Could someone please clarify the real difference between MonadPlus and Monad + Monoid?

But couldn't you rewrite any type constraint of

(MonadPlus m) => ...

as a combination of Monad and Monoid?

No. In the top answer to the question you link, there is already a good explanation about the laws of MonadPlus vs. Monoid. But there are differences even if we ignore the typeclass laws.

Monoid (m a) => ... means that m a has to be a monoid for one particular a chosen by the caller, but MonadPlus m means that m a has to be a monoid for all a. So MonadPlus a is more flexible, and this flexibility is helpful in four situations:

1. If we don't want to tell the caller what a we intend to use.
   MonadPlus m => ... instead of Monoid (m SecretType) => ...

2. If we want to use multiple different a.
   MonadPlus m => ... instead of (Monoid (m Type1), Monoid (m Type2), ...) => ...

3. If we want to use infinitely many different a.
   MonadPlus m => ... instead of not possible.

4. If we don't know what a we need. MonadPlus m => ... instead of not possible.

Your guard' does not match your Monoid m a type.

If you mean Monoid (m a), then you need to define what mempty is for m (). Once you've done that, you've defined a MonadPlus.

In other words, MonadPlus defines two opeartions: mzero and mplus satisfying two rules: mzero is neutral with respect to mplus, and mplus is associative. This satisfies the definition of a Monoid so that mzero is mempty and mplus is mappend.

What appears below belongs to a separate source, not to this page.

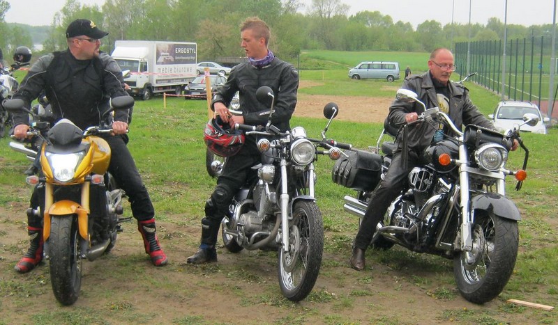 Nie ważne na czym byle w drogę. Na zdjęciu po lewej: J Szóstakowski, J Kwas, R Kwas. Na zdjęciu po prawej: Motocykliści 2013 i ich maszyny.

The difference is that MonadPlus m is a monoid m a for any a, but Monoid m defines a monoid only for m. Your guard' works because you only needed m to be a Monoid only for (). But MonadPlus is stronger, it claims m a to be a monoid for any a.

With the QuantifiedConstraints language extension you can express that the Monoid (m a) instance has to be uniform across all choices of a:

{-# LANGUAGE QuantifiedConstraints #-}

class (Monad m, forall a. Monoid (m a)) => MonadPlus m

mzero :: (MonadPlus m) => m a
mzero = mempty

mplus :: (MonadPlus m) => m a -> m a -> m a
mplus = mappend

Alternatively, we can implement the "real" MonadPlus class generically for all such monoid-monads:

{-# LANGUAGE GeneralizedNewtypeDeriving, DerivingStrategies, QuantifiedConstraints #-}
{-# LANGUAGE UndecidableInstances #-}

import Control.Monad
import Control.Applicative

newtype MonoidMonad m a = MonoidMonad{ runMonoidMonad :: m a }
    deriving (Functor, Applicative, Monad)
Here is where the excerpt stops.